A basic RS flip-flop or latch comprises a pair of NOR gates each having an input connected to the output of the other. This basic RS flip-flop may have additional logic elements and a clock input added to form a clocked RS flip-flop; and two clocked RS flip-flops may be combined to form a clocked, masterslave RS flip-flop. An RS flip-flop has the advantage of being the simplest flip-flop but has the disadvantage of having an undefined state with one of the four possible combinations of inputs. A JK flip-flop is basically a clocked RS flip-flop with several logical connections which define the undefined state of the RS flip-flop and allow all possible combinations of inputs. A D flip-flop is one with only one data input in which the output follows that data input with each clock pulse. A T flip-flop has a single toggle input; and, when the toggle input is supplied with a logic 1 the flip-flop changes state or toggles each time it receives a clock pulse.
It is well known that the different kinds of flip-flop are closely related and many can be formed from one or more of the others with specific external connections and/or additional logic elements.
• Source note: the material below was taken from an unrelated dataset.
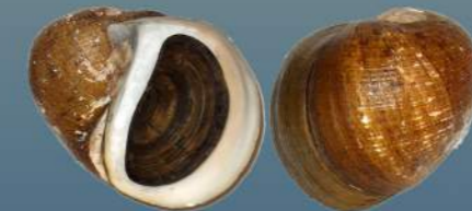
Pomella (Ej: P. megastoma )
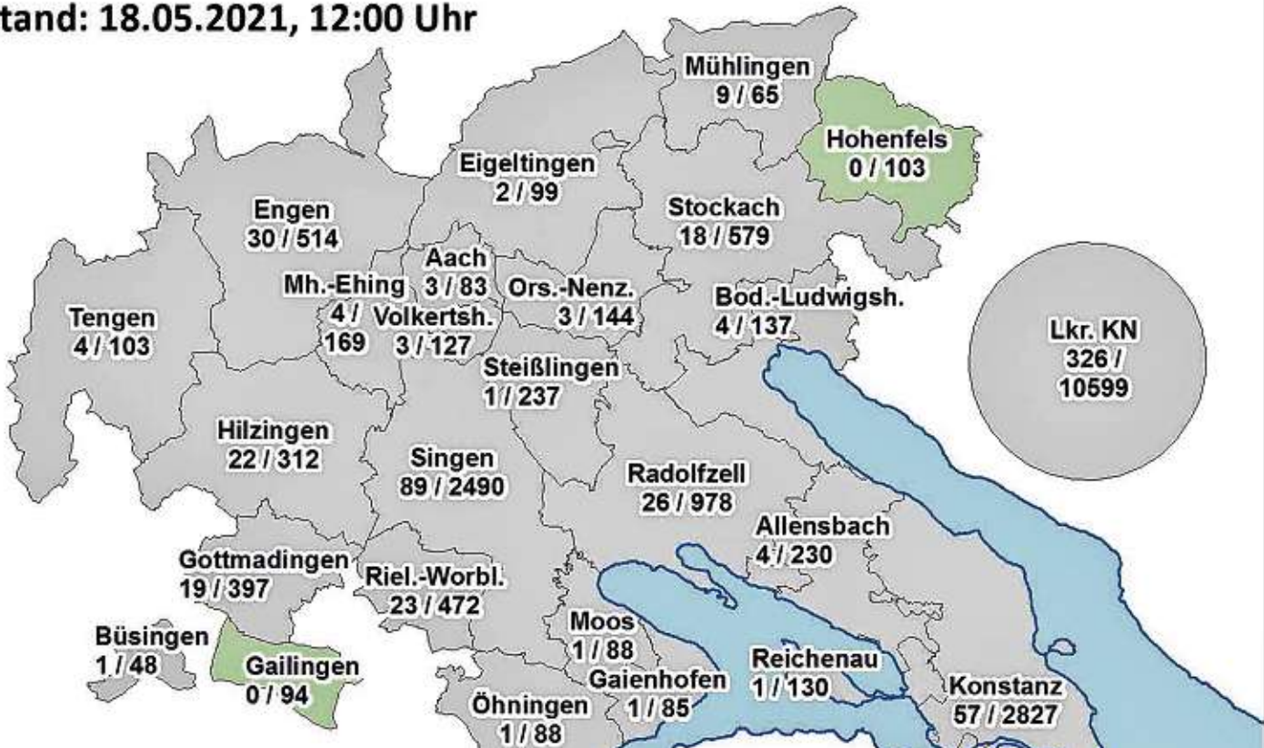
Grafik: Landratsamt Konstanz, Stand: 18. Mai 2021

For example, a T flip-flop may be formed from a JK flip-flop by tying both inputs together; and a D flip-flop may be formed from an RS or JK flip-flop by tying one input to the other through an inverter. However, each of these transformations must be made individually by an actual physical connection and/or the addition of another logic element. It would appear to be advantageous to have a universal flip-flop which could be externally programmed by means of one or more logic signals to operate as any one of the four basic kinds of flip-flops. Such a universal, signal programmable flip-flop would be a versatile addition to the area of programmed digital electronics in that it would enable a computer or similar digital device to change its own internal circuitry in response to software instructions. In addition, a universal flip-flop may result in inventory or assembly savings in more conventional flip-flop use in digital electronic circuitry.